There is a supporting affidavit by a member of the firm of certified public accountants, which prepared the statement furnished to petitioner as to its correctness in every respect. There are also affidavits by Travers H. Dreyfuss, secretary and a director of the corporation, by a bookkeeper employed by it, by its stock clerk, the employee in charge of giving out material to contractors, and by the attorney for the corporation.
There are many exhibits made a part of the record.
Practically every allegation of the moving papers is denied by the answering affidavits, except the petitioner's ownership of stock, the offer to purchase the same from him for $5,300, and the refusal to give him the right to further examination of the books after he had full and complete access thereto, of which it is claimed he made the fullest use to verify the accountant's audit furnished to him. His good faith is attacked and it is claimed he seeks the examination in question solely to benefit the competitor into whose employ he has entered. Where there is such an irreconcilable conflict between the affidavits, and where, if the appellants' proof is to be credited, the respondent has already had a full and complete examination and inspection of the books, papers and assets of the corporation, a peremptory writ of mandamus should not issue. (Code Civ. Proc. § 2070.) As was said in People ex rel. Giles v. Klauder-Weldon Dyeing Machine Co. ( 180 App. Div. 149): "`Where, upon motion for a mandamus, opposing affidavits are read which are in conflict with the averments in the affidavits of the relator, and notwithstanding this the relator demands a peremptory writ, it is equivalent to a demurrer, and the question as to the right to the writ must be determined upon the assumption that the averments of the opposing affidavits are true.' ( People ex rel. Corrigan v. Mayor, etc., 149 N.Y. 223; Matter of Haebler v. N.Y. Produce Exchange, Id. 414.)"

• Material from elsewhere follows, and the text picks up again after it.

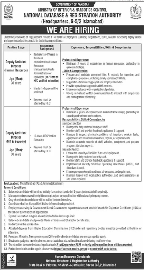 National Database & Registration Authority NADRA announced new jobs for the position of Deputy Assistant Director. These jobs are related to Management category and Government jobs. The minimum qualification required for this job is Bachelor, Master.

As was said in People ex rel. Port Chester Savings Bank v. Cromwell ( 102 N.Y. 477, 481): "In the consideration of this appeal the defendant is entitled to have the facts determined in accordance with the relation thereof, contained in his opposing affidavits. The statements of the affidavits are conflicting, and as the relator, notwithstanding that fact, still demanded a peremptory mandamus, it could only be granted upon the assumption that there were no disputed facts. Its action was equivalent to a demurrer to the case presented by the opposing affidavits, and the question thus presented must be determined upon the assumption of their truth."
The order appealed from will, therefore, be reversed, with ten dollars costs and disbursements, and the writ dismissed, with fifty dollars costs.
CLARKE, P.J., LAUGHLIN, PAGE and MERRELL, JJ., concur.
Order reversed, with ten dollars costs and disbursements, and writ dismissed, with fifty dollars costs.